I am set up to receive home care versus being hospitalized and this is all covered 100% by my insurance provider, because I have already met my deductible and out-of-pocket max for the year. However, one of the requirements is that I am home-bound while I receive this form of therapy. Not really an issue, since I work from home and have a hubby that can run errands. There are two ways I could receive the infusions:

  1. IV bag and electronic pump: this option is managed by the nurse and automatically pumps the meds every 12 hours, but I am attached to the bag and pump.
  2. Elastomeric pump (aka ball or grenade): this option would leave me free of attachments except for an hour or so when the pump is needed to push the meds, but I do the work.
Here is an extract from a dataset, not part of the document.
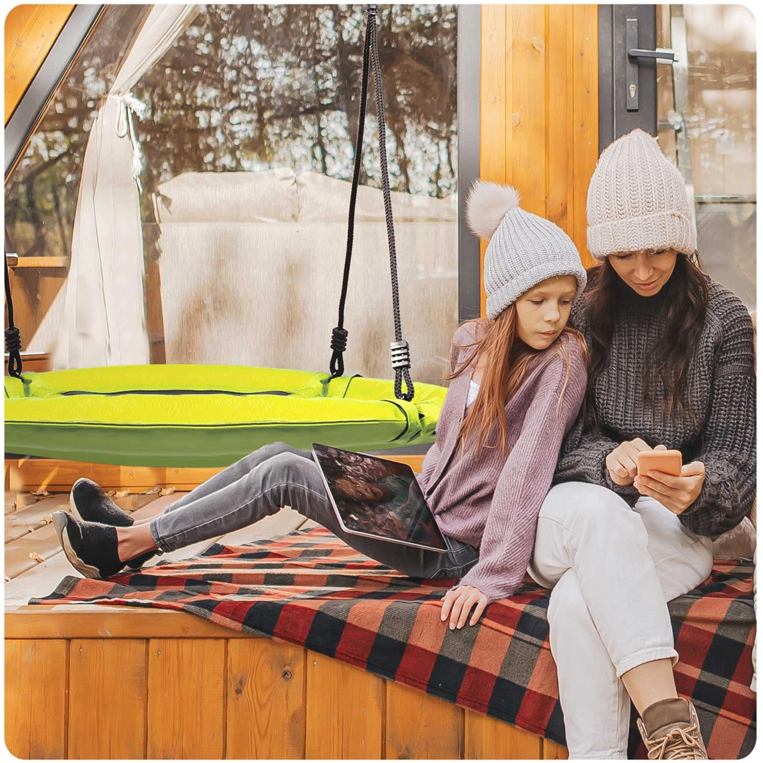 Hojdačka na oceľovom ráme potiahnutom mäkkou ochrannou penou, vyrobená z pevného materiálu s viacnásobným prešívaním a na hrubých závesných lanách. Poskytuje bezpečnosť, stabilitu a odolnosť.
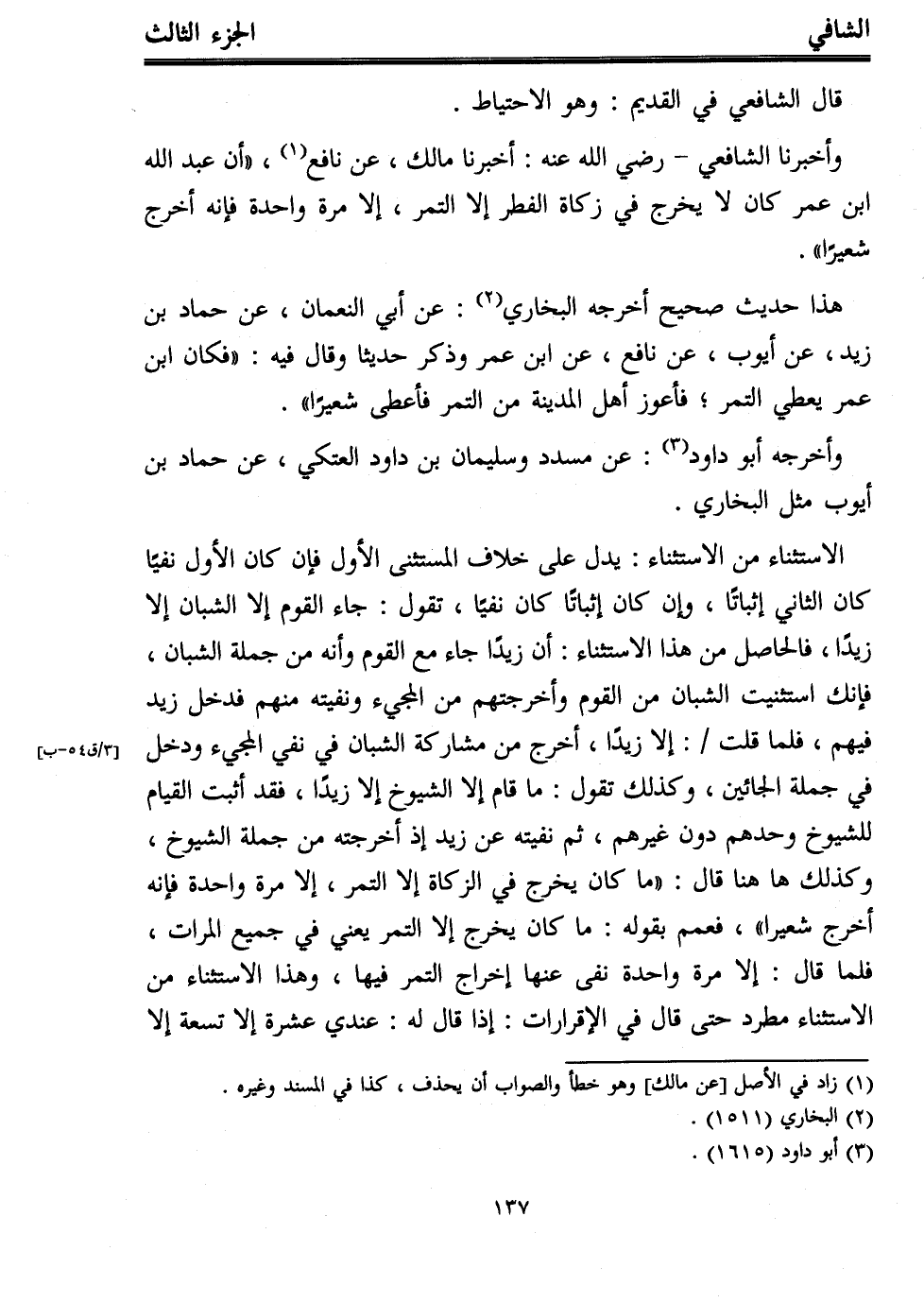 الاستثناء من الاستثناء: يدل على خلاف المستثنى الأول فإن كان الأول نفيًا كان الثاني إثباتًا، وإن كان إثباتًا كان نفيًا، تقول: جاء القوم إلا الشبان إلا زيدًا، فالحاصل من هذا الاستثناء: أن زيدًا جاء مع القوم وأنه من جملة الشبان، فإنك استثنيت الشبان من القوم وأخرجتهم من المجيء ونفيته منهم فدخل زيد فيهم، فلما قلت: إلا زيدًا، أخرج من مشاركة الشبان في نفي المجيء ودخل في جملة الجائين، وكذلك تقول: ما قام إلا الشيوخ إلا زيدًا، فقد أثبت القيام للشيوخ وحدهم دون غيرهم، ثم نفيته عن زيد إذ أخرجته من جملة الشيوخ، وكذلك هاهنا قال: "ما كان يخرج في الزكاة إلا التمر، إلا مرة واحدة فإنه أخرج شعيرا"، فعمم بقوله: ما كان يخرج إلا التمر يعني في جميع المرات، فلما قال: إلا مرة واحدة نفى عنها إخراج التمر فيها، وهذا الاستثناء من الاستثناء مطرد حتى قال في الإقرارات: إذا قال له: عندي عشرة إلا تسعة إلا

Since I am very new to this and am not 100% comfortable with being in charge of administering the meds, hooking things up, and flushing lines, I chose option 1. I took delivery of all the supplies and six days worth of meds later in the day and had my first visit with the home care nurse in the evening. She explained how everything works, hooked me up to the bag and pump, and sat with me for the whole infusion to make sure I didn’t have any adverse side effects. All went well. She also explained that I am able to switch to option 2, but not until I have gone through the six day supply of meds that were already delivered in the larger bags (no returns). A nurse will visit me every two days to change the bag and dressings.

So far not seeing much of a change in redness, but I’m not expecting to at this point. The vanco makes my scalp and palms a bit itchy, but that is a common side effect. I experienced same before each surgery. Before my second infusion this morning I took a Benadryl, which helped. Next nurse visit will be on Sunday.